Al-Raiyshi’s ploy is in the tradition of other Palestinians who have faked medical conditions or abused the supposed neutrality of medical personnel to transport explosive belts, combatants and terrorists. For example:

*On March 10, 2003, Palestinian ambulance driver, Aslam Jibril, pleaded guilty to transporting explosives hidden in his ambulance on March 26, 2002. The explosives, weighing 10 kilos and attached to a belt [worn by suicide bombers], were hidden underneath a stretcher, which was carrying a young boy (his nephew) pretending to be sick. (IDF Spokesperson, March 10, 2003)

* Troops arrest wanted militant in ambulance
“In the Gaza Strip, soldiers arrested a wanted militant who was traveling in a Palestinian ambulance at the Gush Katif junction, Israel Radio reported. The troops became suspicious after noticing that there were no medical personnel or injured persons in the vehicle. They proceeded to search the ambulance and found the Palestinian.” (Ha’aretz, June 11, 2002)

* “Israel Radio Correspondent, Nissim Keinan, reported this evening from Netzarim Junction in the Gaza Strip that today he observed a Palestinian ambulance parked next to Netzarim Junction unloading crates of ammunition and fire bombs. He observed some of the bombs [being] thrown.” (IMRA, October 4, 2000)

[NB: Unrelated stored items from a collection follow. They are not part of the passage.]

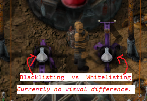 One shower thought later and it occurred to me that the block indicator (red circle) should probably be reversed between whitelist/blacklist when no item is specified.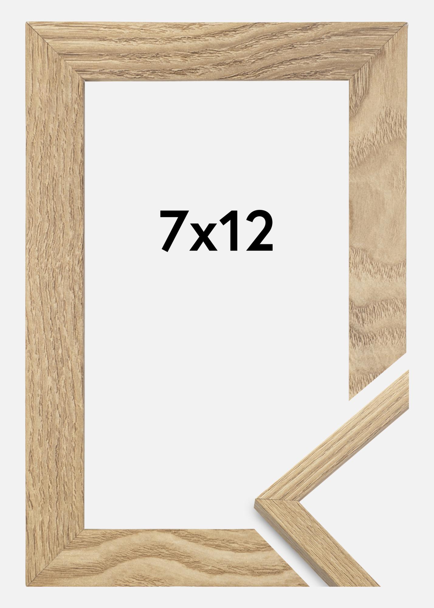 The frame is made from MDF material wrapped with an oak style finish and has a slender frame profile of 14 mm. There is plenty of room to complement your images with an elegant passepartout or mount as the frame has an inner depth (rabbet) of 12 mm.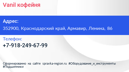 Vanil, кофейня по адресу 352900, Краснодарский край, Армавир, Ленина, 86 в дальнейшем Организация, размещена в следующих категориях:

Terrorist Yearned to Murder Since Early Years of Oslo Process

As reported by Fox News (Jan 14):

Smiling at times in a videotape that showed her cradling a rifle, Al-Raiyshi said she had dreamed since she was 13 of “becoming a martyr” and dying for her people.

“It was always my wish to turn my body into deadly shrapnel against the Zionists and to knock on the doors of heaven with the skulls of Zionists,” said Raiyshi, wearing combat fatigues with a Hamas sash across her chest.

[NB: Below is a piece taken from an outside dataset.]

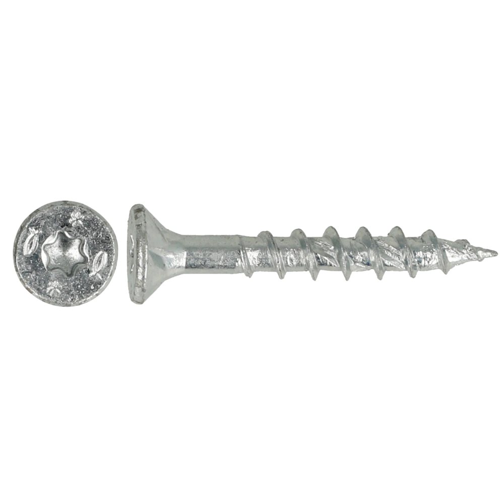 Chipboard screw with partial thread and Torx star recess and countersunk head. The partial thread enables the firm attachment of wooden elements to each other. The electrogalvanised and blue passivated screw is suitable for fixing load-bearing components in coated wood, hardwood, softwood and timber connections.
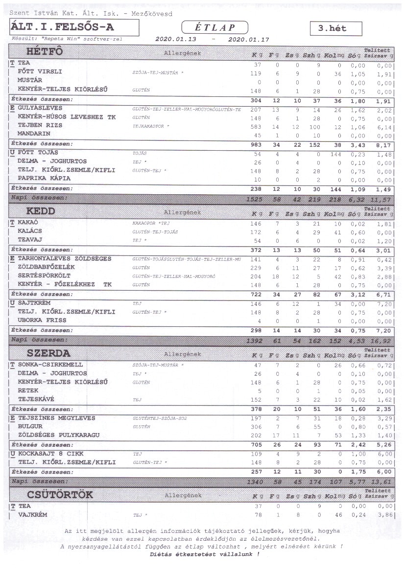 2020. január 1-től a Szent István Katolikus Általános Iskola étkezési térítési díjai:

In initial reports, we have yet to see anyone connect the dots in this statement. If Raiyshi dreamed of “becoming a martyr” since she was 13, that means that she dreamed of murdering Israelis in approximately 1995 (reports vary as to whether Raiyshi was 21 or 22), when Israel and the Palestinians were engaged in the Oslo peace process, and Gaza was under the jurisdiction of the Palestinian Authority. Her statement highlights the likelihood that it is not any action of Israel’s that provokes terrorism, but the pervasive incitement/indoctrination against Israel that Palestinians have been subjected to since 1993, when the Palestinian Authority came into existence.

Palestinian Murder of Father of 3-Month Old Triplets Given Scant Attention

On Tuesday, January 13, Ro’i Arbel, a 29-year-old father of 3-month-old triplets (and two other young children) was murdered by Palestinian terrorists in a sniper attack. Yet his compelling human interest story has so far only been published in Israeli papers. His murder has mostly been relegated to one or two sentences in articles about other developments in Israel or the disputed territories. Media coverage has been extensive about the personal aspects of the female bomber who perpetrated the Gaza bombing (a different attack than the one that killed Ro’i) and her photo has been published. By what journalistic standard is this story given prominence, while lives cut short or changed forever by the terrorists are almost entirely ignored?